- _What you should do_: Each line starting at the one that contains "喜報!康派智能榮獲河南省電工科學技術二等獎" and ending at the one that contains "Аварията е срещу" must be returned exactly, and the rest of the listing is left out.

- _Supplied data_:
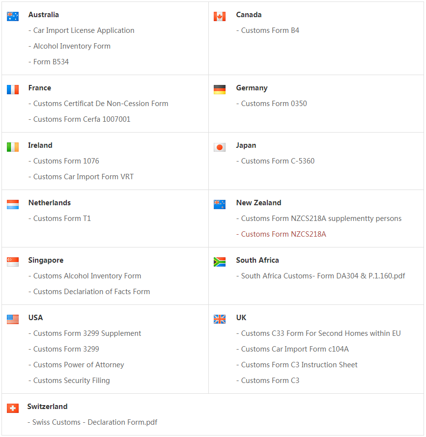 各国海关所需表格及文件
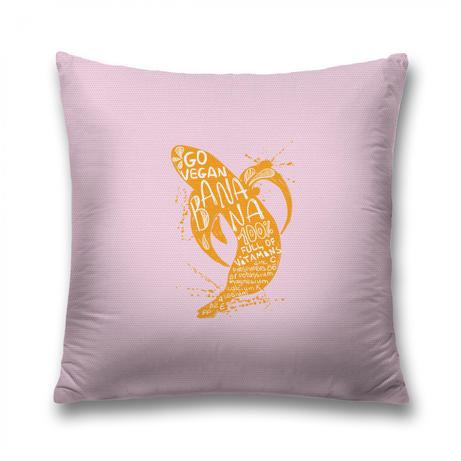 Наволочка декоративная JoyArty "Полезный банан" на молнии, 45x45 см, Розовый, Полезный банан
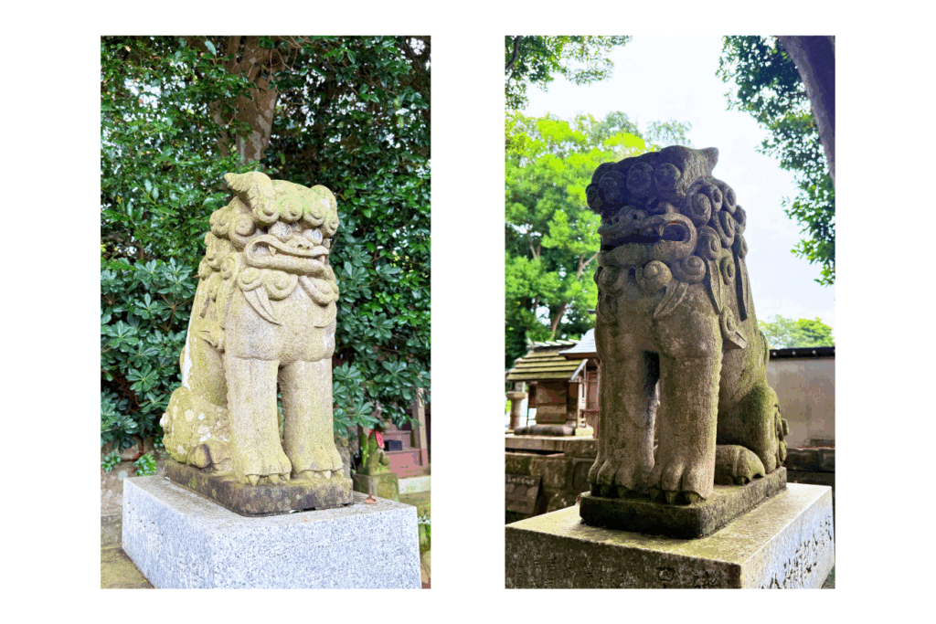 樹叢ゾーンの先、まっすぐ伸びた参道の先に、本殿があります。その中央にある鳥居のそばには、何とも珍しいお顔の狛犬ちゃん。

* * *

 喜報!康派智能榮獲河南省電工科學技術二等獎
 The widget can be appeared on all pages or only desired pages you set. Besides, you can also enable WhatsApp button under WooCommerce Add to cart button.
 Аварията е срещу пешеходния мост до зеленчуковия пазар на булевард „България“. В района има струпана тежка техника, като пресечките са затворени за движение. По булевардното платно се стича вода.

* * *

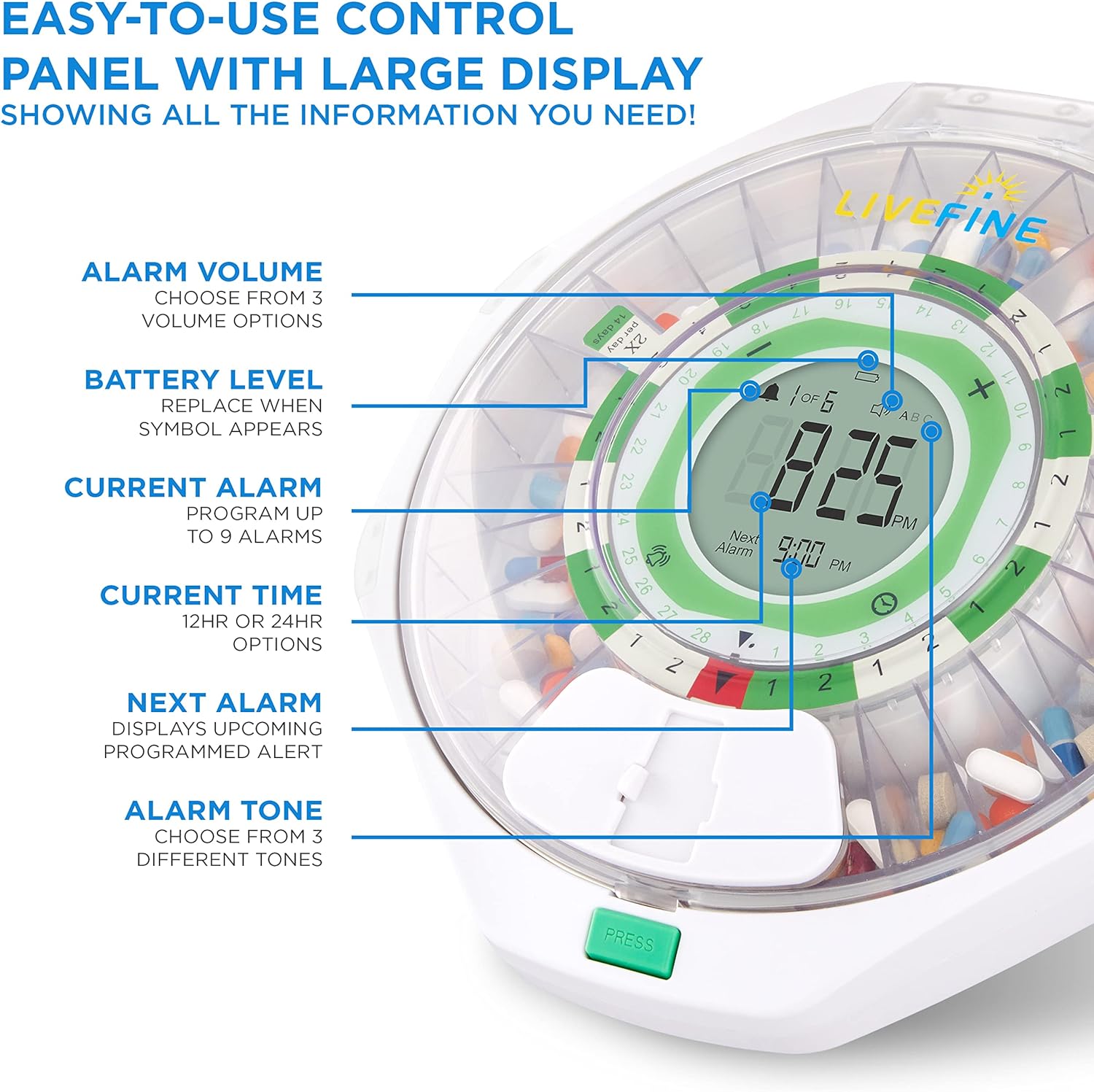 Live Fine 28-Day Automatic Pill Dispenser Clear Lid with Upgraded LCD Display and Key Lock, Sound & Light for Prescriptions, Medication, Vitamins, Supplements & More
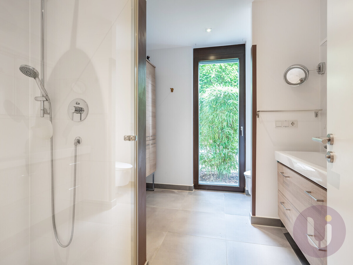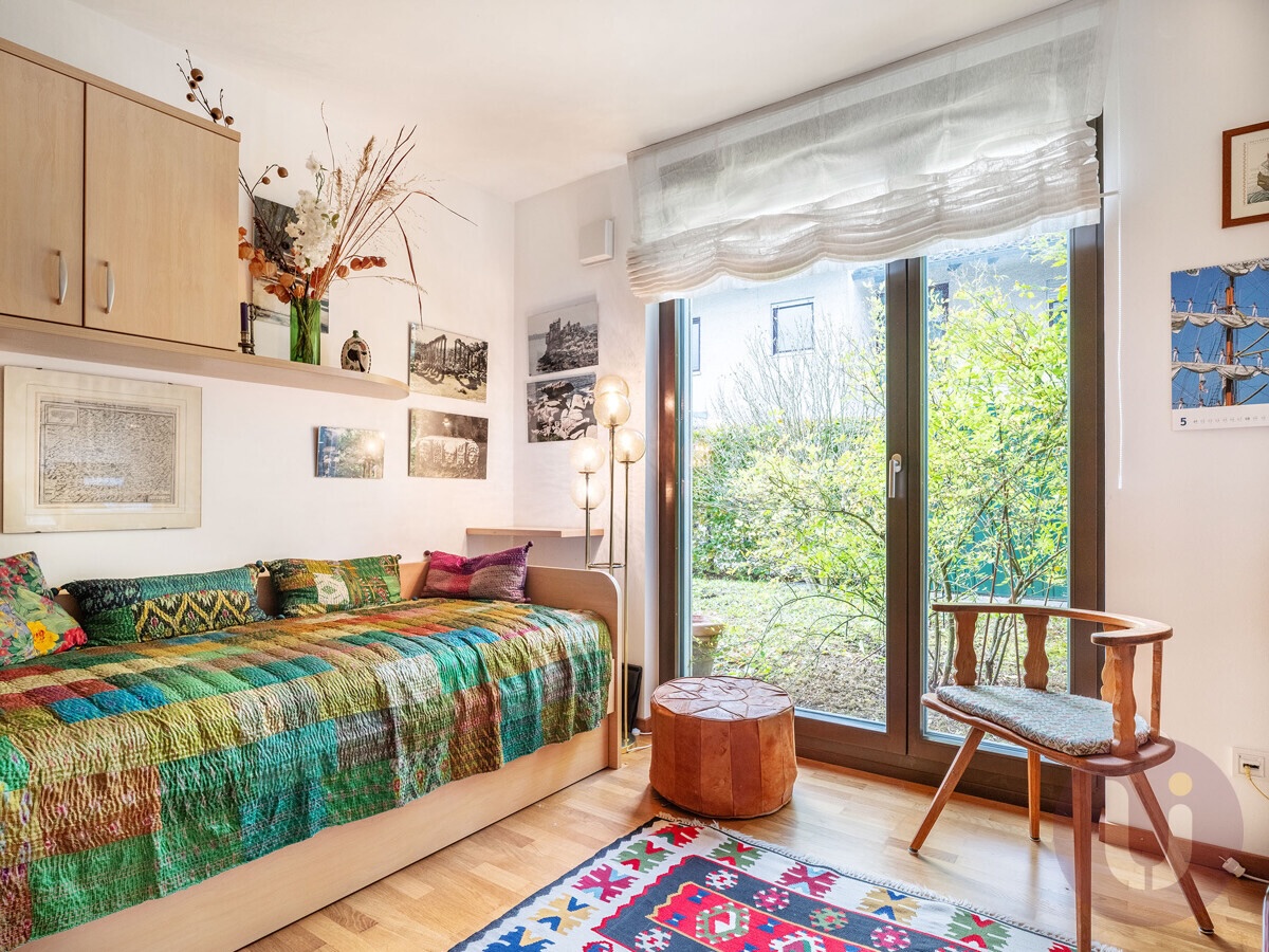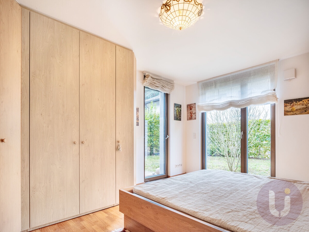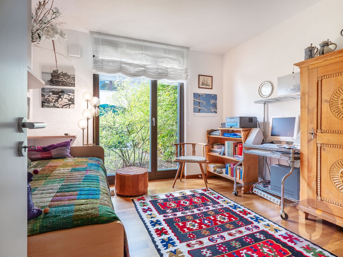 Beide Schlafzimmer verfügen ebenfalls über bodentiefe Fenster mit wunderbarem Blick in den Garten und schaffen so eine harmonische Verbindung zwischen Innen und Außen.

- _The answer_:
 喜報!康派智能榮獲河南省電工科學技術二等獎
 The widget can be appeared on all pages or only desired pages you set. Besides, you can also enable WhatsApp button under WooCommerce Add to cart button.
 Аварията е срещу пешеходния мост до зеленчуковия пазар на булевард „България“. В района има струпана тежка техника, като пресечките са затворени за движение. По булевардното платно се стича вода.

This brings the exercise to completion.